Impact of anomaly scores.Figure 6 and Figure 7 show the AUROC scores and mAP scores in terms of different anomaly scores separately. The experimental results suggest that none of the anomaly scores suppress others. Although Information Entropy and Classification Probability obtain improvement only in some cases, it never harms the performance. Cross Entropy performs worse on dataset AID362, Bank, and Lung, but it also achieves improvements on dataset Apascal, CMC, and Secom. To summarize, the choice of anomaly scores heavily relies on characteristics of datasets. In this paper, we use Information Entropy as the additional anomaly score since it performs stably on all datasets.

5.8. Ablation Study

Experiment settings. In this section, we examine the effectiveness of the key component of DTSNE, self-supervised pre-training, by comparing the performance of random initialization and self-supervised pre-training. The variant is called ${\mathrm{DTSNE}}_{\mathrm{random}}$, where the self-supervised pre-training is disabled.

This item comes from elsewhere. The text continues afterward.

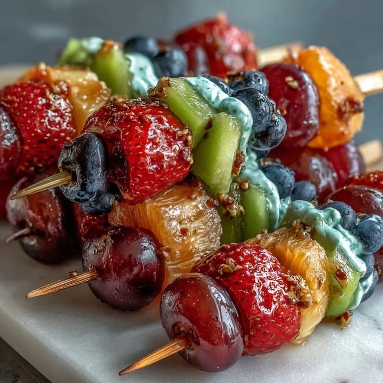Customize your rainbow kabobs by swapping or adding fruits based on availability and preference. Try kiwi slices for an additional green layer, blackberries or purple grapes for a true indigo shade, or dragon fruit for an exotic touch. For a vegan version, use plant-based yogurt and replace honey with maple syrup or agave nectar. You can also experiment with the dip by adding vanilla extract, a pinch of cinnamon, or fresh mint for different flavor profiles. During other seasons, adapt the fruit selection to what's freshest—using cantaloupe instead of oranges in summer, or pomegranate seeds in fall.

The teacher network of ${\mathrm{DTSNE}}_{\mathrm{random}}$ is randomly initialized without training. The network structure and training settings of DTSNE and its variants are totally the same.

Analysis. The experimental results show the importance of applying self-supervised pre-training for the teacher network.

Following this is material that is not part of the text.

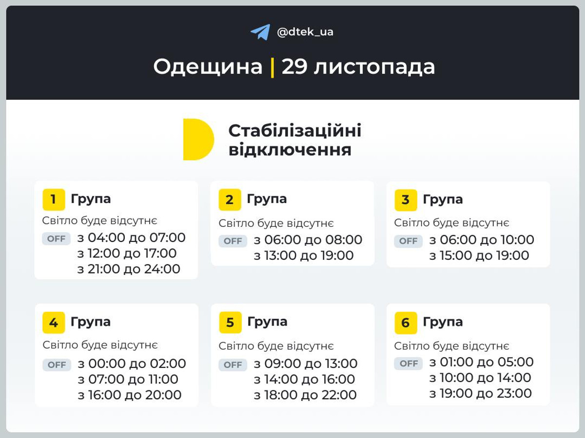 5 група: світла не буде з 00:00 до 04:00, з 09:00 до 13:00 та з 18:00 до 22:00.

Table 5. AUROC scores and mAP scores of DTSNE variants.

Dataset	${\mathbf{DTSNE}}_{\mathbf{random}}$		DTSNE
	AUROC	mAP	AUROC	mAP
AD	$0.6810\pm 0.0541$	$0.2513\pm 0.0543$	$0.8090\pm 0.0175$	$0.5598\pm 0.0385$
AID362	$0.6544\pm 0.0487$	$0.0243\pm 0.0050$	$0.6804\pm 0.0285$	$0.0287\pm 0.0044$
Apascal	$0.7772\pm 0.0405$	$0.0350\pm 0.0120$	$0.8367\pm 0.0303$	$0.0599\pm 0.0094$
Bank	$0.7209\pm 0.0036$	$0.3071\pm 0.0209$	$0.7408\pm 0.0054$	$0.3642\pm 0.0152$
Chess	$0.6699\pm 0.1438$	$0.0153\pm 0.0368$	$0.7443\pm 0.1576$	$0.0088\pm 0.0152$
CMC	$0.4963\pm 0.1305$	$0.0312\pm 0.0182$	$0.5304\pm 0.0986$	$0.0413\pm 0.0238$
Lung	$0.8569\pm 0.1196$	$0.3796\pm 0.2463$	$0.9332\pm 0.0921$	$0.5838\pm 0.2572$
R10	$0.0889\pm 0.0216$	$0.0101\pm 0.0009$	$0.9855\pm 0.0016$	$0.5684\pm 0.0511$
Secom	$0.5502\pm 0.0443$	$0.0871\pm 0.0199$	$0.5596\pm 0.0656$	$0.0932\pm 0.0184$
U2R	$0.9836\pm 0.0058$	$0.1858\pm 0.0827$	$0.9881\pm 0.0027$	$0.2982\pm 0.1006$

shows the performance of DTSNE and its variant. Specifically, DTSNE boosts up AUROC scores ($20.5\%$) and mAP scores ($96.4\%$), respectively, than variants. As discussed in Section 4.1, the reason for such improvement is that self-supervised pre-training enables our model to preserve intrinsic regularities of the normal manifold, which makes anomalies more noticeable in the representation space simultaneously. The experimental results also show that the technique is widely applicable on various datasets since they are collected from different domains with different dimensions (ranging from tens to thousands). Moreover, it is also noticeable that the variant ${\mathrm{DTSNE}}_{\mathrm{random}}$ obtains favorable results on most of the datasets. This phenomenon suggests that a random smooth function to some extent has the ability to reflect interactions from the original space. More discussion can be found in [25].

6. Discussion

Anomaly Detection in Low-dimensional Embedding. Detecting anomalies in a reduced space is a widely used solution to tackle high-dimensional complex feature space. In this paper, the reasons for learning low-dimensional representations are two fold: first, in contrast to operating on original space, detecting anomalies on low-dimensional space. Second, one can assume that normal data points are lying inside the normality manifold, whereas anomalies are lying outside. By mapping data points into a lower dimensional compact space, regularities are preserved while irregularities are highlighted.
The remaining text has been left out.